In the U.S., 70% of consumed food passes through a cold chain, an uninterrupted series of temperature-controlled storage and distribution activities. Globally, maintaining these cold chains consumes one-sixth of all electricity generated and produces 30 billion metric tons of CO2 per year. Traditional vapor-compression heat pumps have low efficiencies, use refrigerants with a high global warming impact, and are unable to provide dynamic cooling capacity.
A new technology will dramatically change this picture by first complementing, and eventually replacing, vapor-compression cycles.
With support from the National Science Foundation (NSF), Colorado-based Rebound Technologies has developed IcePoint, a cooling system that incorporates a novel freeze-point suppression cycle.
Like all heat pumps, IcePoint changes the state of a refrigerant, which absorbs heat at a low temperature and then releases it at a higher temperature.

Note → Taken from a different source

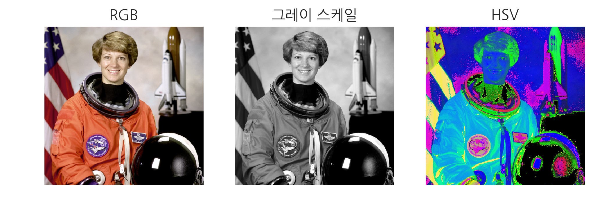 컬러사진, 흑백사진, 그리고 또 다른 컬러모델 HSV(빛의3속성 Hue,Saturation,value 색상,채도,명도)도 있습니다.이 외에도 CMY(색의3원색,cyan magenta, yellow)이 있는데 가장 흔히 쓰고 일반적으로 얘기하는건 RGB입니다.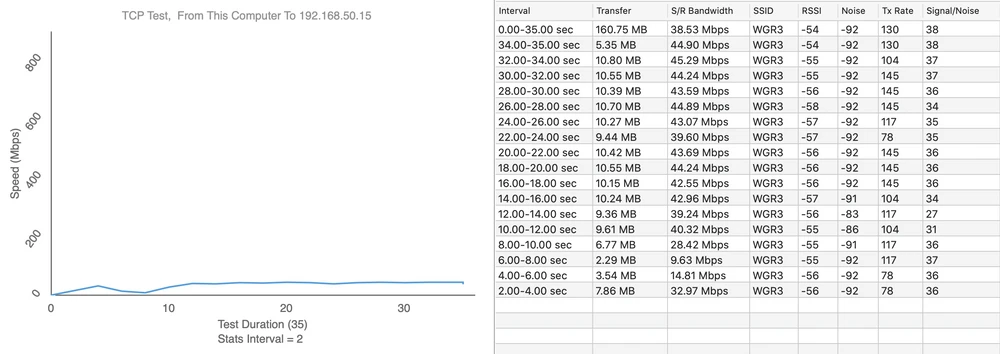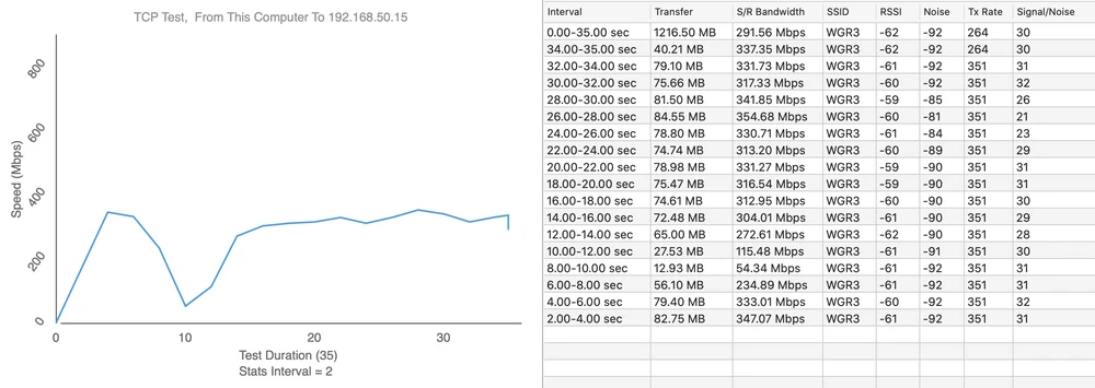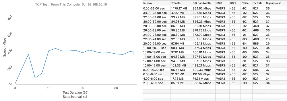 é capaz de operar na banda de 5GHz com uma largura de canal de 160MHz, mas devido ao número ainda limitado de dispositivos terminais (telefones/laptops), omitimos estes testes actualmente.O dispositivo de teste foi um MacBook Pro A1502 equipado com uma placa sem fio AirPort Extreme (Broadcom BCM4360 3x3, 1,3 Gbps PHY) funcionando nos padrões 802.11a/b/g/n/ac.

However, instead of changing refrigerant pressure, the freeze-point suppression cycle alters the refrigerant’s chemical composition to change its freezing point.

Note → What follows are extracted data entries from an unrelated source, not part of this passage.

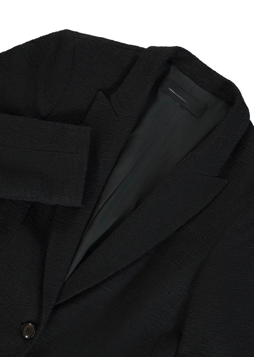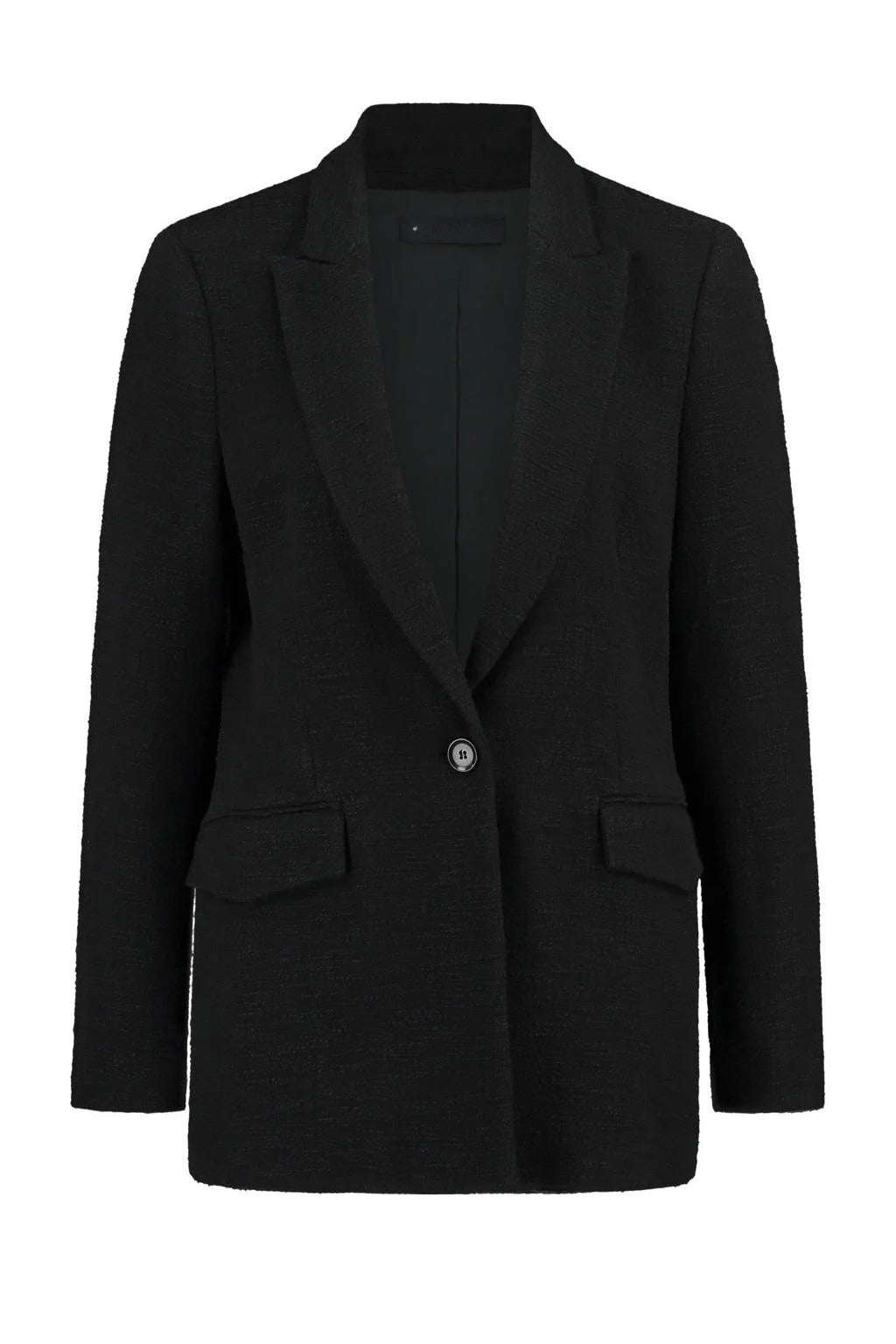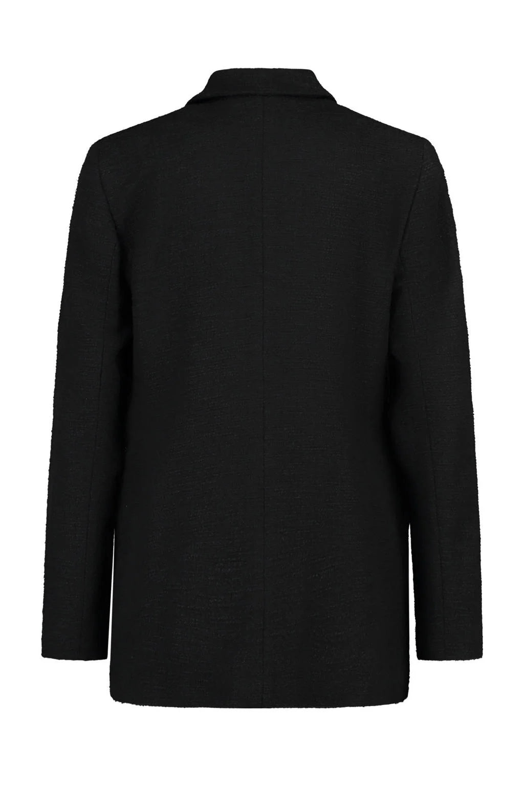 Black-colored blazer – cotton blend with a subtle structure. Timeless, slightly fitted and elegant, with classic lapels and a single button closure. The bouclé structure gives the blazer a sophisticated look, while the soft cotton blend ensures a comfortable fit. This versatile item effortlessly wears both casual and business and combines beautifully with pants.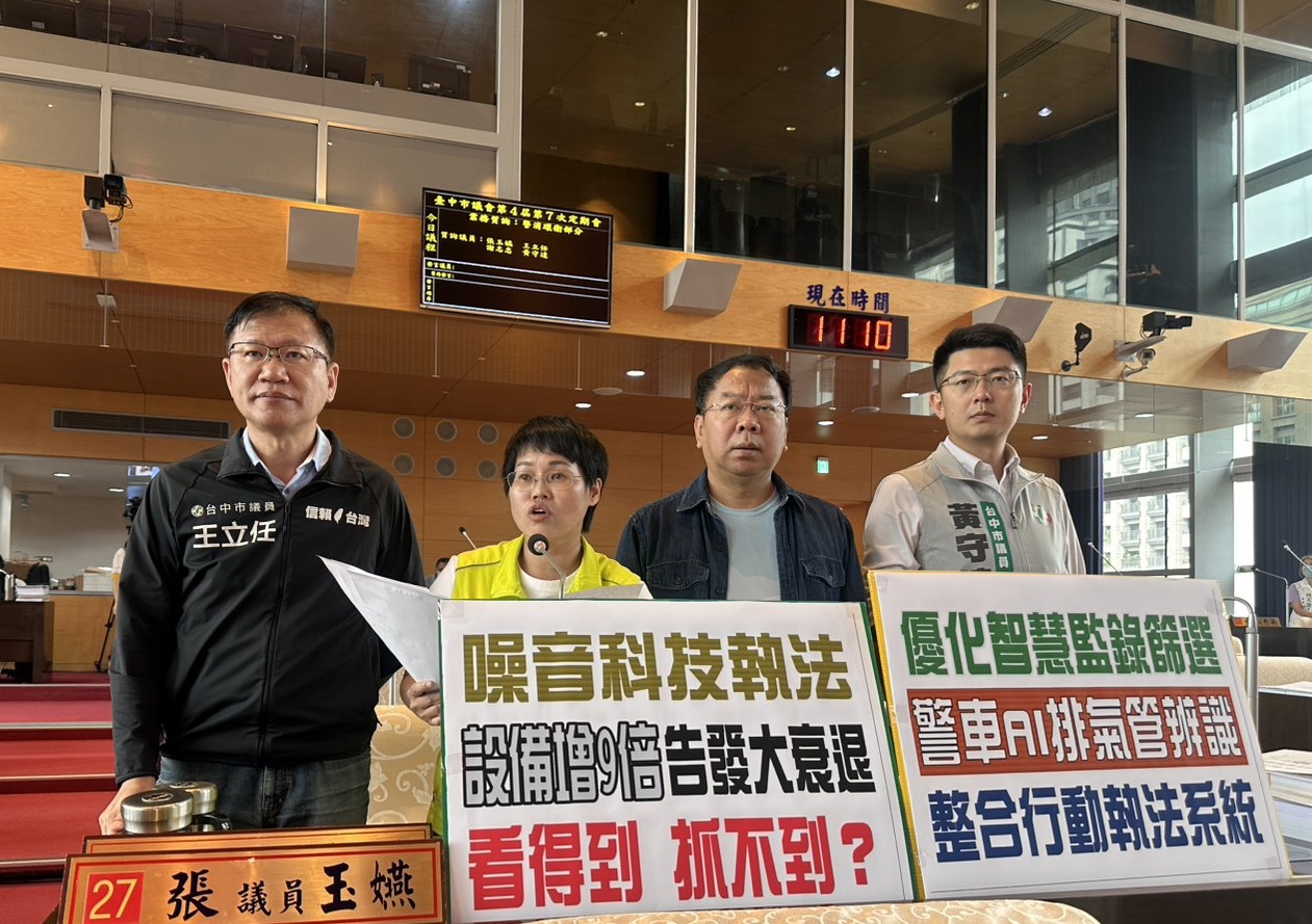 【記者蘇詩鋒/台中報導】市府這3年大幅添購噪音車科技執法設備,議員張玉嬿、謝志忠、王立任、黃守達卻發現設備增加9倍,告發率竟衰退3倍,今日在議會質疑噪音治理已陷入「看得到、抓不到」的困境,噪音車依舊頻繁擾民,要求市府升級「行動AI辨識」以補強執法漏洞。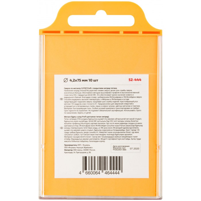 Сверло по металлу Cutop Profi с титановым покрытием, 4,2х75 мм (10 шт) (52-444)

The freeze-point suppression cycle uses water as a refrigerant in the presence of a freeze-point suppressant (FPS) (Figure 1). As heat is absorbed from the refrigerated space, refrigerant, in the form of ice, melts and dilutes the FPS-water mixture. The mixture, now with a lower FPS concentration, is separated into pure water and concentrated FPS. The water is then frozen, which releases heat. Next, the ice and the concentrated FPS are mixed, completing the cycle.
Key to the freeze-point suppression cycle is the spontaneous endothermic effect that occurs when ice is mixed with a concentrated FPS. This effect occurs at steady conditions inside a tank where ice and concentrated mixture are added while dilute mixture is removed (Figure 2). The sensible heat added to the tank by the ice, incoming concentrated mixture, and incoming heat from the refrigerated space are all balanced by the high latent heat of fusion of the ice.

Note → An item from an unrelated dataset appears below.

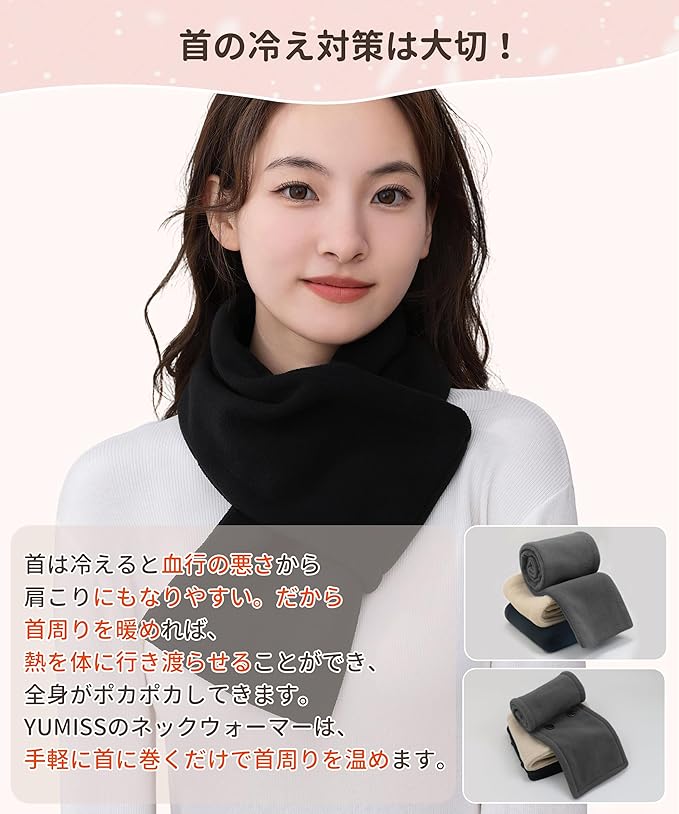 [YUMISS] ネックウォーマー レディース マフラー 【二重防寒防風構造・首元をしっかりカバー・首に巻くだけ着脱が簡単】 スヌード 暖かい 柔らかい 保温 寒さ対策 便利 自転車 プレゼント スカーフ ティペット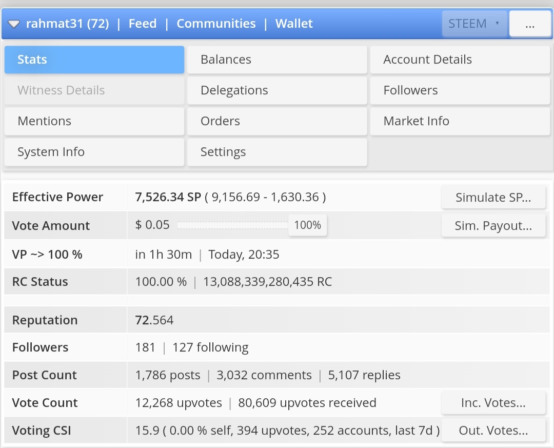 Mulai dari mei 2021 aku bergabung hingga saat ini aku masih konsisten dalam hal membuat postingan setiap hari nya, baik itu mengikuti kontes setiap komunitas maupun kontes steemit Engagement Challenge dan aku juga selalu rutin dalam melakukan power up. Berbicara tentang akun alhamdulillah aku sudah mempunyai reputasi 72.564, voting csi 15.9 (0.00 % self, 394 upvotes, 252 accounts, last 7 d) dan 9,156.576 steem power. Ini salah satu hasil dari kerja keras mulai dari 2021 hingga saat ini dan semoga aku menjadi lumba-lumba di akhir tahun Karna ini akan menjadi apresiasi yang luar biasa atas pencapaian ku di tahun ini.

IcePoint can be integrated into existing industrial freezer systems to provide dynamic capacity (28–140 tons of refrigeration) and superior efficiency. These characteristics can dramatically improve energy utilization and food supply through the entire global cold chain.
The FPS cycle offers several key benefits over traditional vapor-compression cycles, including: it uses a natural refrigerant with no global warming potential (GWP); it provides dynamic cooling, enabled by the use of storable refrigerants throughout the cycle; and its highly thermodynamically efficient nanofiltration separation process increases overall efficiency by 35%. Recent advances in precision controls, membranes, membrane modules and pressure recovery devices drive FPS cycle innovation.
Lineage Logistics, the second-largest cold storage company in the world, installed the first IcePoint pilot unit in March 2018. Pilot data demonstrated an adjusted coefficient of performance (COP, a ratio of useful cooling provided to work required) of 3.12±0.09 at a temperature as low as –22°F, compared to a typical COP of 2.0 for conventional equipment.
“This is among the most significant developments in industrial refrigeration that we’ve seen,” says Alex Woolf, Principal Data Scientist at Lineage. “It provides dynamic cooling capacity, while avoiding peak energy. No other cooling technology offers such flexibility, and IcePoint accomplishes it with a huge COP improvement.” Lineage anticipates a commercial unit will provide $275,000 annually in increased earnings, 80% of which are due to increased throughput of product frozen at their facilities.
IcePoint allows companies to perfectly match their cooling demand throughout the day. “IcePoint offers a promising alternative to vapor compression that will yield a significant boost in earnings for food processors,” says Russell Muren, Rebound Technologies CTO and inventor of the cycle.
This technology was funded through the NSF Small Business Innovation Research Program.
This article was prepared by the National Science Foundation in partnership with CEP.